Inside Advanced Baseline's most unconventional ranking, and how scoring margin can identify top players.

The April 2nd Advanced Baseline update featured the model debut of a player whose ranking is most at odds with conventional wisdom and ATP/WTA rankings: Mallory Burdette at No. 39. While she technically had a computer ranking before, April 2nd marked the first time where her sample size of matches was large enough that her ranking was considered "legitimate" and eligible for display on the main page.

Of all the results and ranks Advanced Baseline has produced to date, no player gives me more heartburn about whether or not AB got it right than Mallory Burdette -- not even Ferrer being ranked ahead of Murray. This is about a bold a statement as a ranking system can make; not only is Burdette in the top 40 immediately after logging the minimum number of data points, she also got there without registering a single win over a top 50 opponent. How is this even possible? Shouldn't you have to beat at least one opponent in the top 50 to be there yourself? Not necessarily. To explain why, it's worth taking a detour into another sport where ranking controversies happen every year.

College basketball has made great strides in the last couple years in terms of its evaluation of teams. There is a plethora of ranking systems (Pomeroy, LRMC, BPI, etc.) that do a good job of figuring out who the good teams are even when they're separated across conferences with drastically different strengths. And every year, they always come up with a mid-major in the top 25 that's a complete head-scratcher to plenty, eliciting a chorus of "BUT WHO HAVE THEY PLAYED?!?!?!" as though that's something a team can control.

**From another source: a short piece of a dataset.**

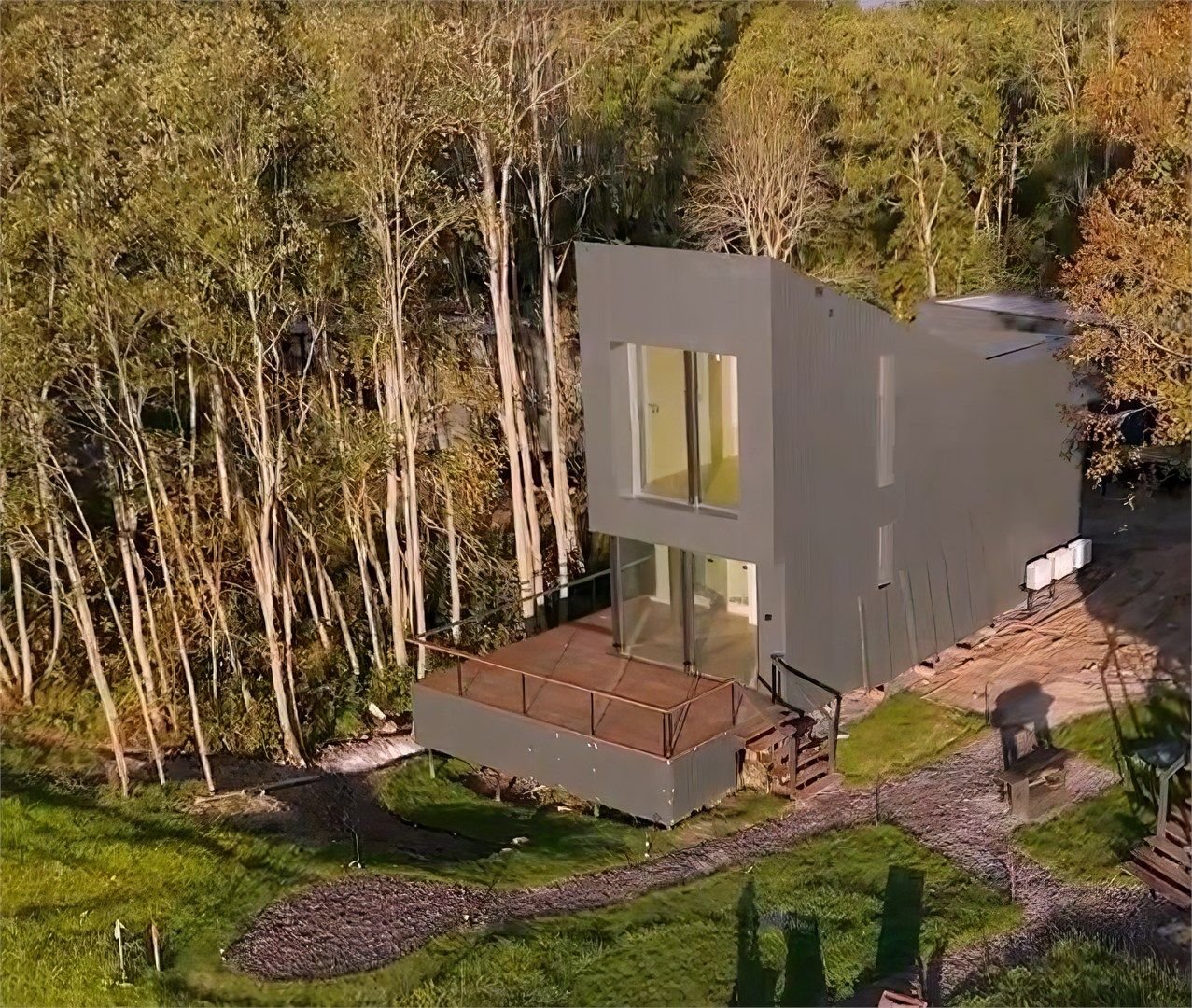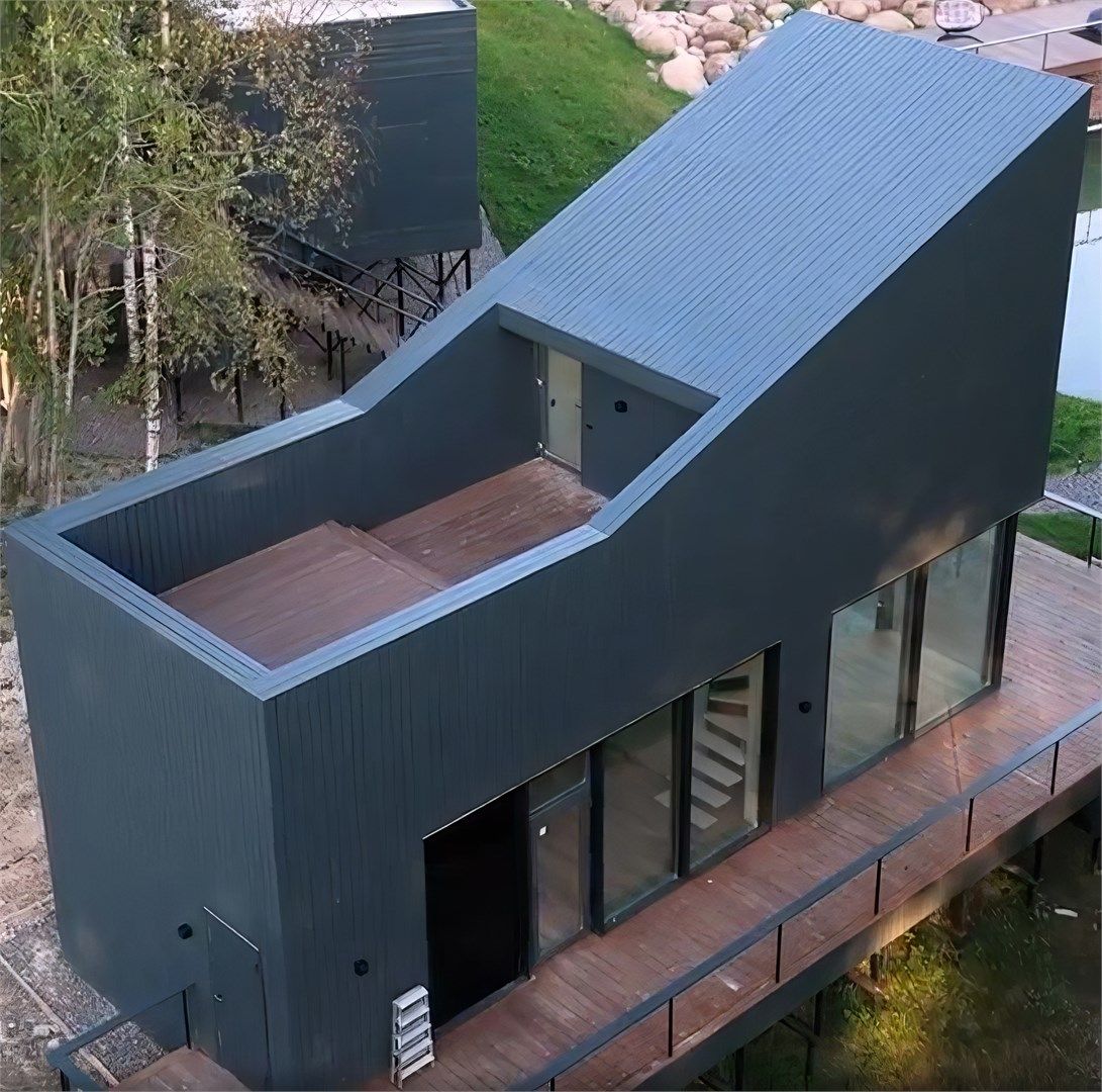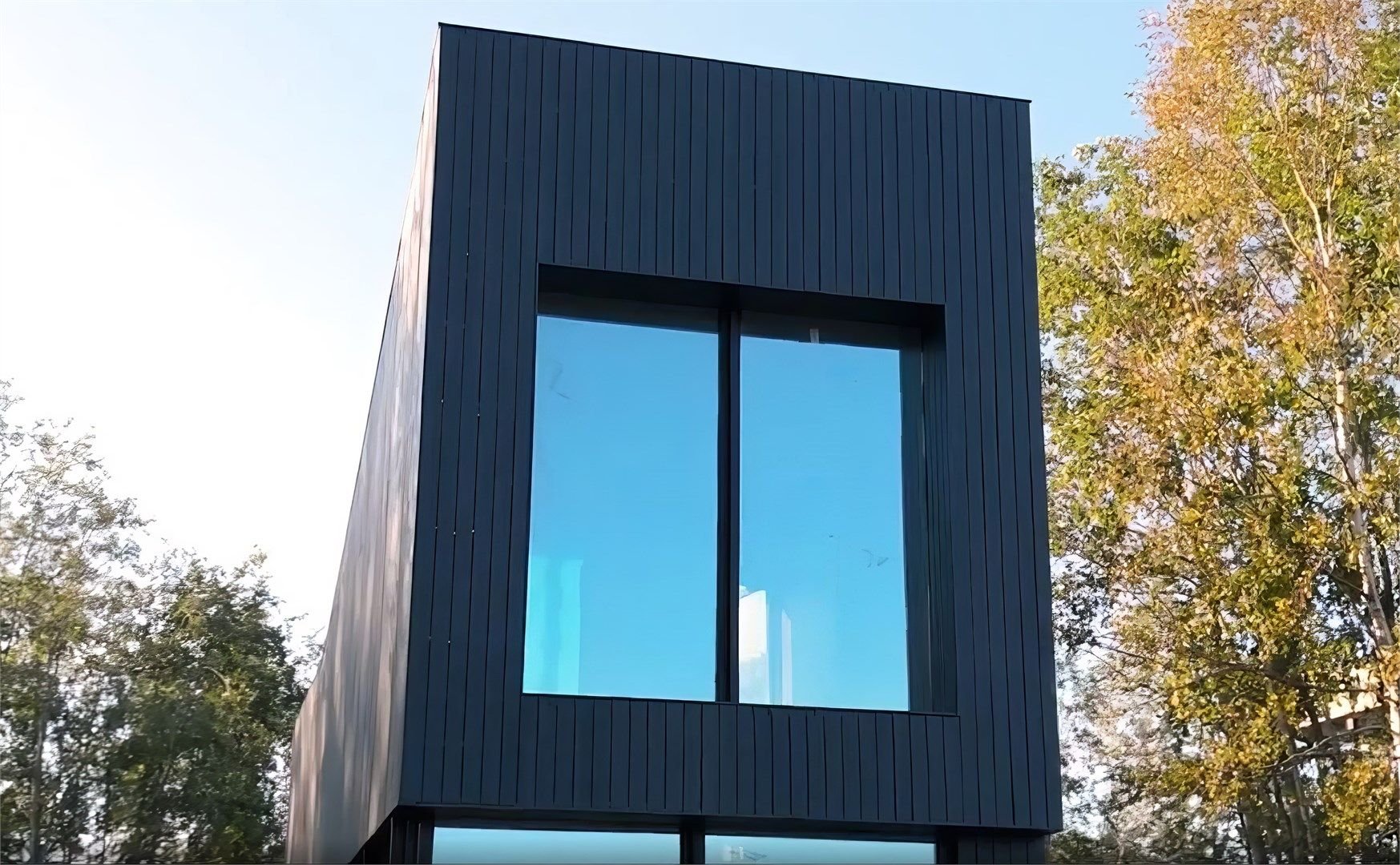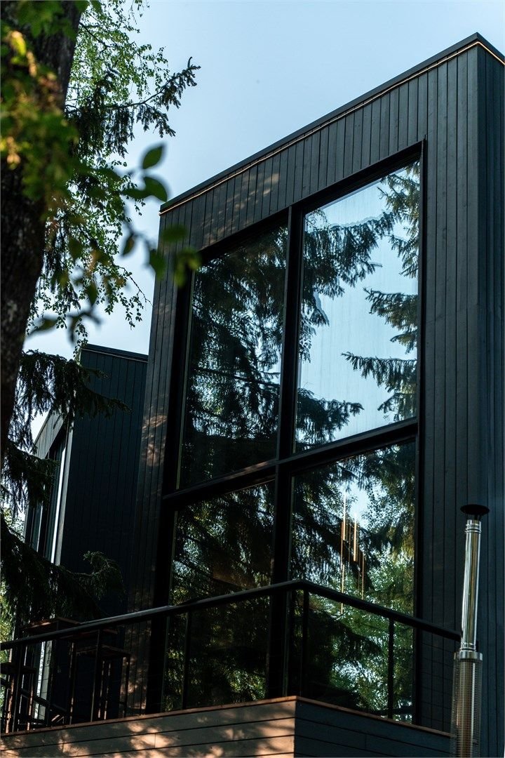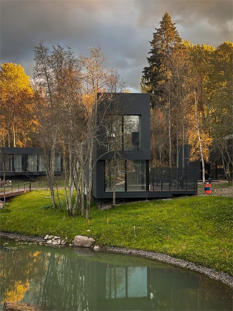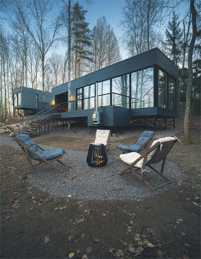 Двухэтажная вилла Стандарт 2+0 с панорамными окнами, собственной всепогодной купелью, мангалом и общей костровой зоной.

Middle Tennessee State was this year's example; 2012 Belmont was an even more extreme version, ranked as high as No. 8 in some systems despite not beating a team in the top 50. The reason all of the advanced systems like these teams so much is almost always a single reason: scoring margin. The MTSUs and Belmonts routinely blow out their conference opponents by double digits. In college basketball, it's pretty widely accepted by now that accounting for scoring margin in a team's body of work is more predictive than a simple win/loss tally and adjusting for quality of opponents. So when you have a team that racks up gaudy numbers against poor competition, it is defensible to infer that it is probably a top 25 team. If you swapped jerseys with the solid mid-major and a blue-blood No. 1 seed, how would you be able to tell them apart from just looking at the box scores?

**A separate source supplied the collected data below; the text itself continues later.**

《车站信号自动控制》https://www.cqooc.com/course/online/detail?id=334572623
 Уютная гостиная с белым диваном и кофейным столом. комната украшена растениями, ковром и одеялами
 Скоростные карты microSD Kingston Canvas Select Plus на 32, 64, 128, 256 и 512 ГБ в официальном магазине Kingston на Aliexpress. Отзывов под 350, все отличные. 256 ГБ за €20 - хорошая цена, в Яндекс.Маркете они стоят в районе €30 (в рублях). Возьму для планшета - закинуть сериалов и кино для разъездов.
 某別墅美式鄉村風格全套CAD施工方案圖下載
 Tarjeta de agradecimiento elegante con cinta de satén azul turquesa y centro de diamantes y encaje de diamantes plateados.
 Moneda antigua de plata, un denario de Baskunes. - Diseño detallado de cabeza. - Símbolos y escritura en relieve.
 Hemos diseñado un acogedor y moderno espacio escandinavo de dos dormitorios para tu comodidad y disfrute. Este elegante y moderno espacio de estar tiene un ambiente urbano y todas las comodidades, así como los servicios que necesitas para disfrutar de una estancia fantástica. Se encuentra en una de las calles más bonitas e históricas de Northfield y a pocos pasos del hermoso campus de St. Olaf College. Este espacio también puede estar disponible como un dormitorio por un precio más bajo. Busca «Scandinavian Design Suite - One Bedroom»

This brings us back to tennis. Scoring margin in tennis isn't really a big discussion point aside from a couple vague observations when someone gets bageled or wins in straight sets. I think this is a mistake. There's valuable information to be inferred from scoring margin in tennis, just as there is in college basketball.

AB looks at match scores using a metric I call Game Differential Ratio (GDR), which is simply the games a player wins minus games a player loses, all divided by total number of games played. The idea behind GDR is that it encapsulates the scoring margin by incorporating game differential, but also accounts for if a match goes 2 sets vs. 3 by weakening the margin if more games are played in a 3-set match. Winning GDRs can range from -0.2 (representing a 7-6, 0-6, 7-6 win) to 1.0 (representing a 6-0, 6-0 win). For reference, here is the distribution of winning GDRs across all men's matches from 2002-2012 (the distribution for women's matches is roughly the same):

Dist_medium

The majority of matches fall in the 0.1-0.3 range, which are your typical 6-4, 6-3 wins. Anything over 0.4 is a solid margin of victory, roughly equivalent to when a basketball team wins by double digits.

What can scoring margin tell us about future success in tennis? Consider the following graph, constructed from all first-time rematches between two players on the same court. The graph seeks to answer this: Given the winner and the scoring margin of the first match, how often does the original winner win the rematch when the two players meet again?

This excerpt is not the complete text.